P.I.: Assoc. Prof. Gerard Nihous, Department of Ocean and Resources Engineering

Objective: (i) Document the ocean thermal resource; and (ii) Analyze potential OTEC worldwide sustainable energy production.

One might ask: is OTEC renewable energy? The simple answer is that as long as the sun shines and, if and only if, deep-ocean cold water is provided by the thermohaline circulation the ocean thermal resource is renewable. A pertinent question, however, is: what is the worldwide power resource that could be extracted with OTEC plants without affecting the thermohaline ocean circulation? Our estimate is that the maximum steady-state OTEC electrical power is about 14 TW (Terawatts) corresponding to 250,000 plants of the kind described in the “OTEC Power Production” link below. These would be deployed throughout the OTEC region in the exclusive economic zone (EEZ) of ninety-eight nations. This power rating corresponds to 77% of the current worldwide annual energy consumption (Global OTEC Resources_2013).

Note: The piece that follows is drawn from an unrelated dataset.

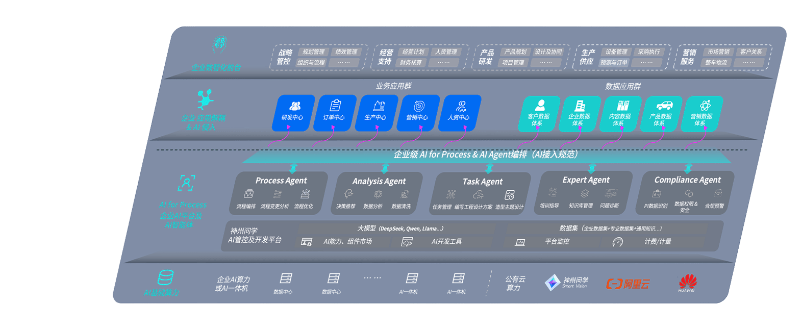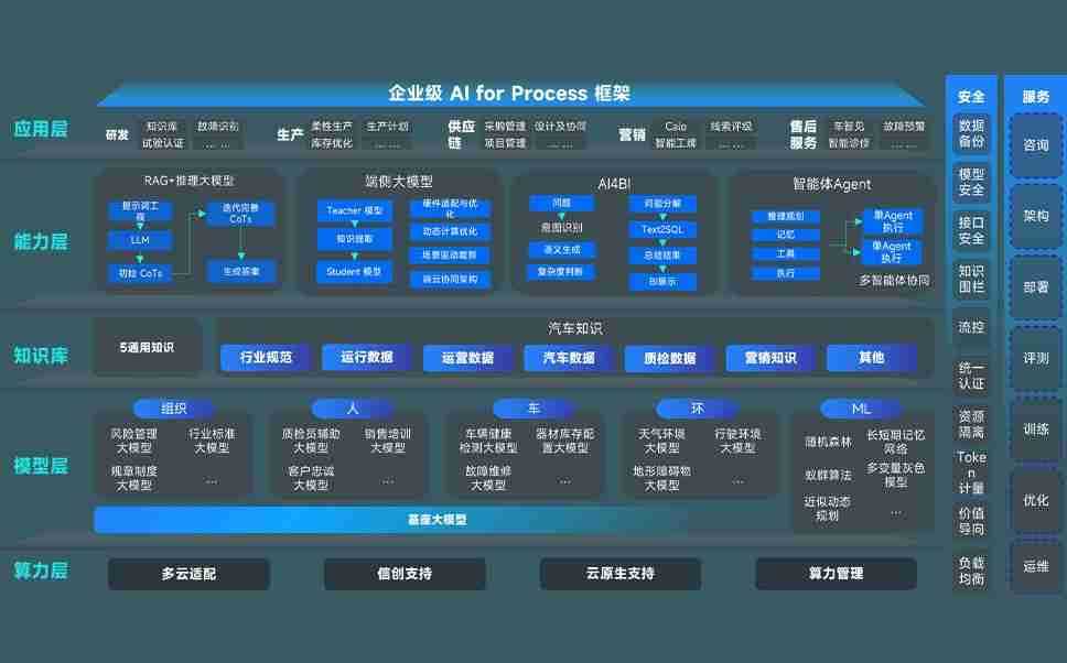 端到端的一站式AI工作空间深度融合了从企业战略规划到日常经营的全流程业务板块,,定向解决车企内部领域多、、、部门多、、、链条长、、、场景碎片化等难题,,,支持车企快速构建以AI为核心的生产力写作体系,,,,实现任务执行与AI能力的无缝集成与交互

Please use Google Chrome or Safari to view the links given below because Internet Explorer does not provide the display we intended.

Ocean Thermal Resource.- The temperature difference between 20 m and 1000 m water depths gives a good indication of available OTEC resources across tropical oceans. For example, values less than 18°C may not be economically viable for OTEC power generation. The NOAA National Ocean Data Center’s World Ocean Atlas (WOA) database (2005 version) was used to construct the link given below which shows the annual and monthly averages of the temperature difference (between 20 m and 1000 m depths) across the world oceans on a quarter-degree horizontal grid. The link TemperatureDifferentialWOA2005 provides the user with a color coded world map of the annual average temperature difference. The user can choose any region of interest defined by specific latitude and longitude ranges to view color-coded data of the annual average temperature difference as a function of latitude and longitude. Further, clicking on any location gives a plot of monthly averages of the temperature difference there.

OTEC Power Production.- An estimate of OTEC power production capabilities can be made with the temperature difference data available from the WOA database. The link PowerMaps gives annual and monthly averages of the power that would be produced by a single generic OTEC plant rated at 100 MW in standard conditions (seawater temperature difference of 20°C between 20 m and 1000 m depths, and seawater temperature of 300 K at 20 m depth). The standard conditions, along with other realistic assumptions are found in: OTEC Summary Aug 2012. The display is limited to a latitude band between 30°S and 30°N. The link provides the user with a color-coded distribution of OTEC power production from the generic 100 MW plant, in GWh per year. The user can choose any region of interest between 30°S and 30°N to view detailed values of annual average power. Further, clicking on any location provides the user with a plot of the monthly averages of net power there, in GWh per month.

P.I.: Prof. Lloyd Hihara, Department of Mechanical Engineering

Objectives: Investigate corrosion of Aluminum Alloys in the splash-spray zone, surface waters, and deep ocean water. Examine novel corrosion-resistant ceramic-polymer hybrid coating developed in the Hawai’i Corrosion Laboratory (HCL) of the University of Hawai’i.

Presently: The viability of ocean power generating technologies will be affected by their ability to resist corrosion in the harsh marine environment. It has been shown that aluminum can be used in the manufacturing of Heat Exchangers (HXs) for closed cycle OTEC systems and that properly chosen alloys could achieve a life expectancy of 30-years.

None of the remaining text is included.